When the Health Secretary, Matt Hancock, promised on national television that everything was in hand and that the supermarkets would not run out of food, he was quickly contradicted by the supermarkets themselves. Hancock claimed to be ‘working with the supermarkets’, while a senior supermarket executive said, ‘We haven’t heard anything from government.’
The problem is that a handful of highly centralised supermarkets control the great majority Britain’s grocery market, and operate on the basis of ‘just-in time’ delivery, designed to lower their costs. This means that they don’t want to have any substantial stocks lying around. When the fuel protests hit, it led to the fear, expressed in Whitehall by supermarkets, that we could be ‘nine meals from anarchy.’ A system with too little slack easily becomes a ‘shock propagator.’ The UK’s food self-sufficiency has fallen from around 78% in 1984 to around 61% in 2018.
So, not only do the civil contingency plans put in place look creaky, they operate within the political choice of austerity and a broader funding approach which has sold communities short, and also a highly, logistically vulnerable economic model, which has been hollowed out in the name of a narrow definition of efficiency.
One positive thing to result from the current health emergency, is a reminder of the degree to which we do still heavily rely on the public sphere – the NHS for care, the BBC for information – however denuded it might be with its back against a hostile political wall.

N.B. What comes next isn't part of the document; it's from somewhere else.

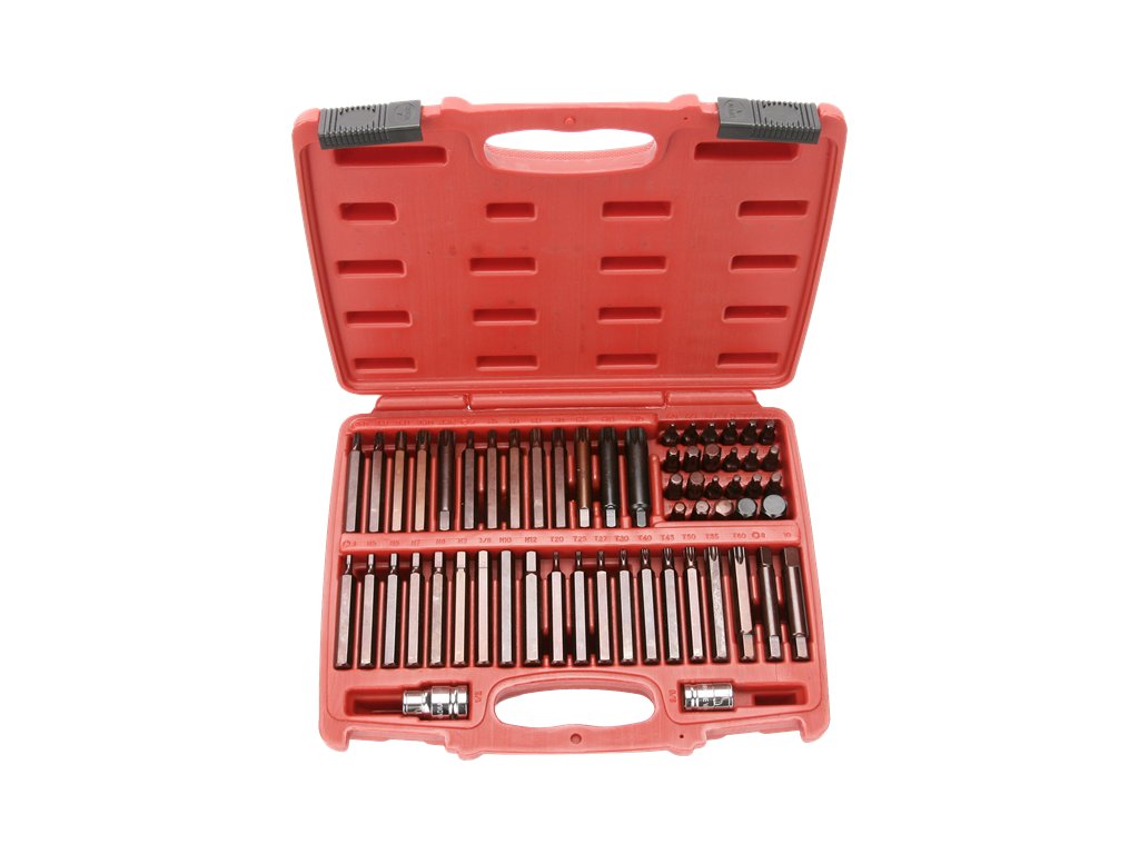 Zestaw bitów z materiału S2 w walizce plastikowej zawiera wariant przedłużony: RM6; RM7; RM8; RM10; RM12, wielowpust M5; M6; M8; M9; M10; M12; M14; M16; torx T20; T25; T27; T30; T40; T45; T50; T55; T60, hex H4; H5; H6; H7; H8; H9; 3/8; H10; H12, czworokątne 8; 10; i wariant krótki: torx T20; T25; T27; T30; T40; T45; T50; T55; T60, wielowpust M5; M6; M8; M10; M12, hex H4; H5; H6; H7; H8; H10; H12; H14; H17, i nasady gola 1/2; 3/8.

An outbreak like COVID-19 was unpredictable but, sooner or later inevitable. Climate emergencies are more predictable and also inevitable. A similar pattern holds for financial disasters too.
The sensible thing to do in the face of multiple and complex disasters is to design-in more resources, capacity and resilience at the local level where disasters are mostly managed. This means stronger local democracy and devolved powers, and it also means supporting more vibrant and diverse local economies less vulnerable to external shocks. Given the range of community level actors who are vital to managing emergencies, it also calls for genuinely civil, civil contingency planning, using participatory neighbourhood techniques, something which remote island communities long ago learned. First, though, we could abandon the wide range of policies making things worse.